- Born: 1939 (age 86–87) China
- Education: National Taiwan University (BA) University of Washington (PhD)
- Spouse: Yvonne Yu ​(m. 1982)​

= Wu Sing-yung =

Chinese-American medical professor and historian

Wu Sing-yung (吴兴镛; born 1939) is a Chinese-American medical professor and historian.

== Early life ==
He was born in Sichuan. Wu earned a bachelor's degree (1963) from National Taiwan University, a PhD (1969) from University of Washington and a MD (1972) from Johns Hopkins University. He completed his post-graduate medical education at the Universities of Chicago, Washington (Seattle) and California Los Angeles.

== Career ==
He settled at the University of California, Irvine, and was promoted to full professor in Radiological Sciences and Medicine in 1990.

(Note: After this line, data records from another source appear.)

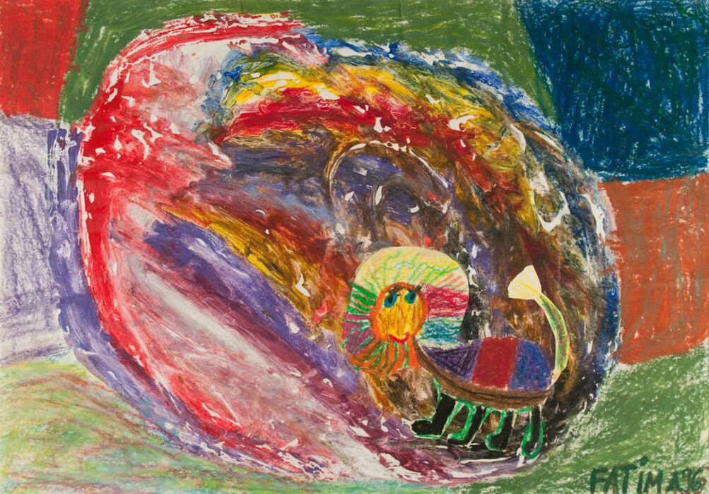 Ölpastellkreide, Collage mit Monotypie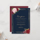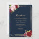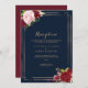 This geometric gold and red wedding reception card is perfect for a rustic wedding. The artistic bordo marsala design features watercolor, green, pink, burgundy and blush roses assorted with greenery neatly arranged around geometric gold frames in a graceful and radiant flower bouquet.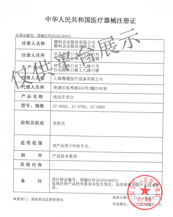 | 產(chǎn)品名稱 : | 雅科美德電動手術(shù)床AT-6700(標準型) |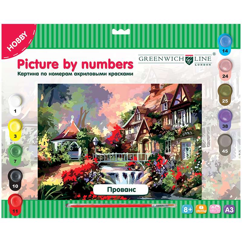 Главная / Товары / КАНЦТОВАРЫ / УПАКОВКА / ХОЗ ТОВАРЫ / РАСХОДНЫЕ МАТЕРИАЛЫ / Канцелярские товары - Школьные / Товары для творчества и хобби / Наборы для детского творчества / Наборы для рисования / Картина по номерам Greenwich Line "Прованс" A3, с акриловыми красками, картон, европодвес

His research and clinical interest were in thyroid hormone metabolism and the management of thyroid diseases. He authored, edited, and contributed to medical books and over a hundred peer-reviewed medical papers. He has had a long-term interest in research on the development of a novel fetal thyroid function marker (W-compound) that may help better manage congenital hypothyroidism. His Thyroid Laboratory at Long Beach VA Medical Center, in collaboration with professors Delbert A. Fisher at Harbor-UCLA Medical Center and Theo Visser at Erasmus Medical Center of Netherlands, has found that sulfo-conjugation is the major pathway for thyroid hormone metabolism in the mammalian fetus.

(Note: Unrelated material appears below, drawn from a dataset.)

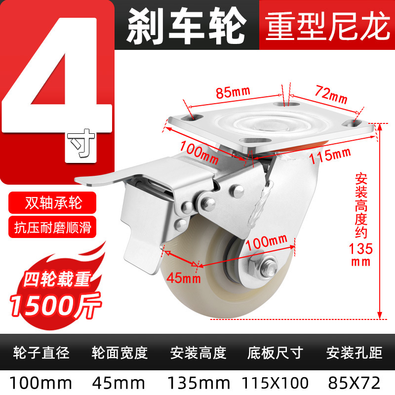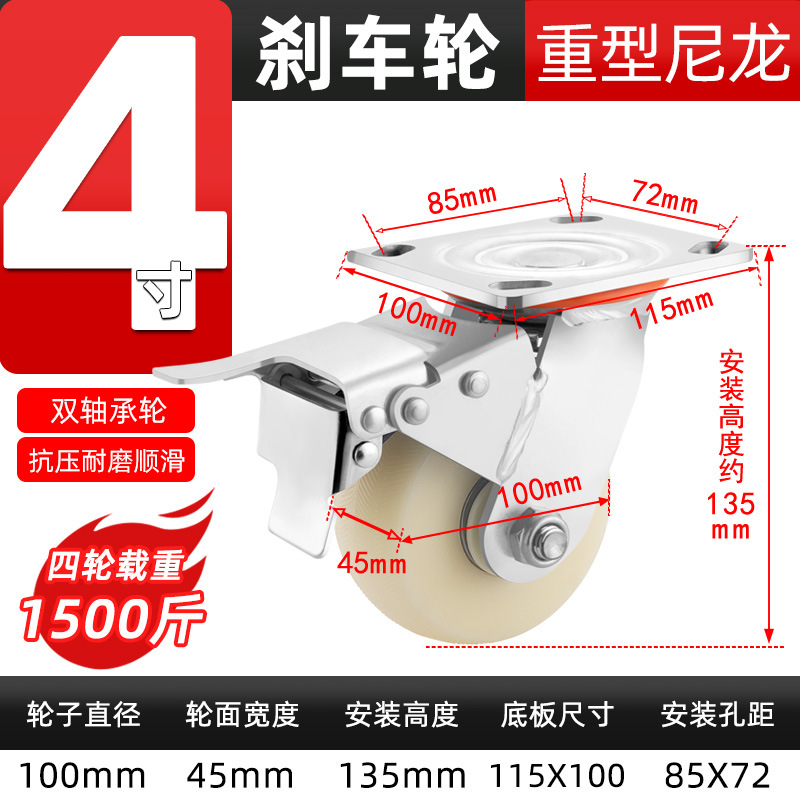 • 4인치 범용 브레이크 휠 [새 업그레이드] [무거운 두꺼운 버전]

In addition to medical studies, Wu is interested in modern Chinese history. He was the author and editor of five books in Chinese and two books in English (Father's Gold Secret, 2021; American Gold in Post-Second World War Taiwan-The Forgotten Free China, 2024) about the facts involving the “secret gold shipments” from Shanghai to Taiwan in 1948-49 near the end of the Chinese Civil War. These events were of critical importance on the Republic of China retreat to Taiwan. According to his studies, about 4 million oz. gold and some one hundred million pieces of silver dollars were transferred from Shanghai's state treasury in multiple shipments by air and sea to Taiwan and Xiamen from December 1, 1948, to May 18, 1949. The major portion of the gold (80% or 6.28 million oz.) had originally been sent from the United States during and after World War 2 as part of US aid to China to fight inflation. Nearly all the silver dollars and one million oz of gold in Xiamen were used to support the Nationalist army in contending against the rapid advancement People's Liberation Army (PLA) from April to December 1949 when inflation had flooded the area under the Nationalist control and rendered the paper money worthless.

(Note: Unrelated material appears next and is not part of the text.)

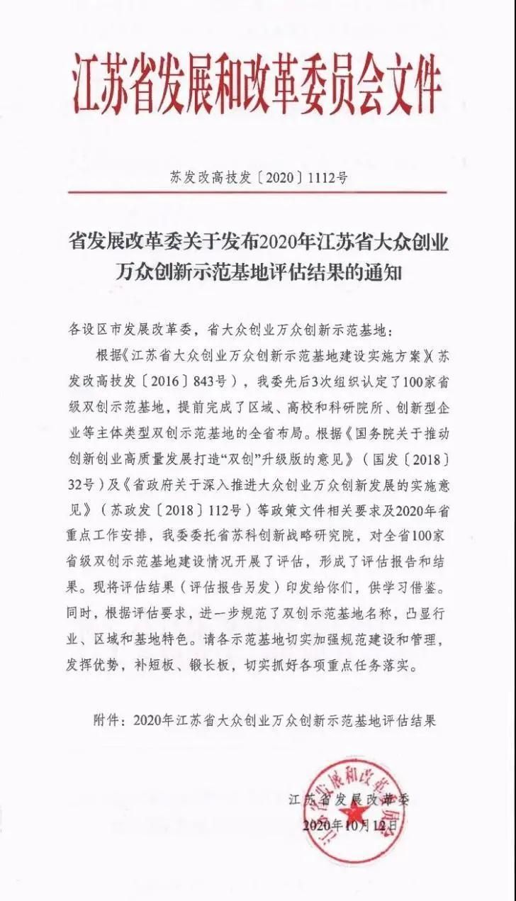 近日,省發(fā)改委發(fā)布《關(guān)于公布2020年江蘇省大眾創(chuàng)業(yè)萬眾創(chuàng)新示范基地評估結(jié)果的通知》(蘇發(fā)改高技發(fā)[2020]1112號),棲霞高新區(qū)在全省100家雙創(chuàng)示范基地中脫穎而出,獲評“優(yōu)秀”等次!

The rest of the gold, nearly 3 million oz., played a pivotal role in stabilizing the economy of the Nationalist regime (Republic of China, Free China) in Taiwan from 1949 to 1950 until the outbreak of the Korean War on June 25, 1950. Without the gold from the United States and the Chinese Mainland, Taiwan would certainly have been destabilized by a precipitate currency devaluation, which would have invited a PLA invasion across the Taiwan Strait, leading to its unification with the People's Republic of China in 1950-1951.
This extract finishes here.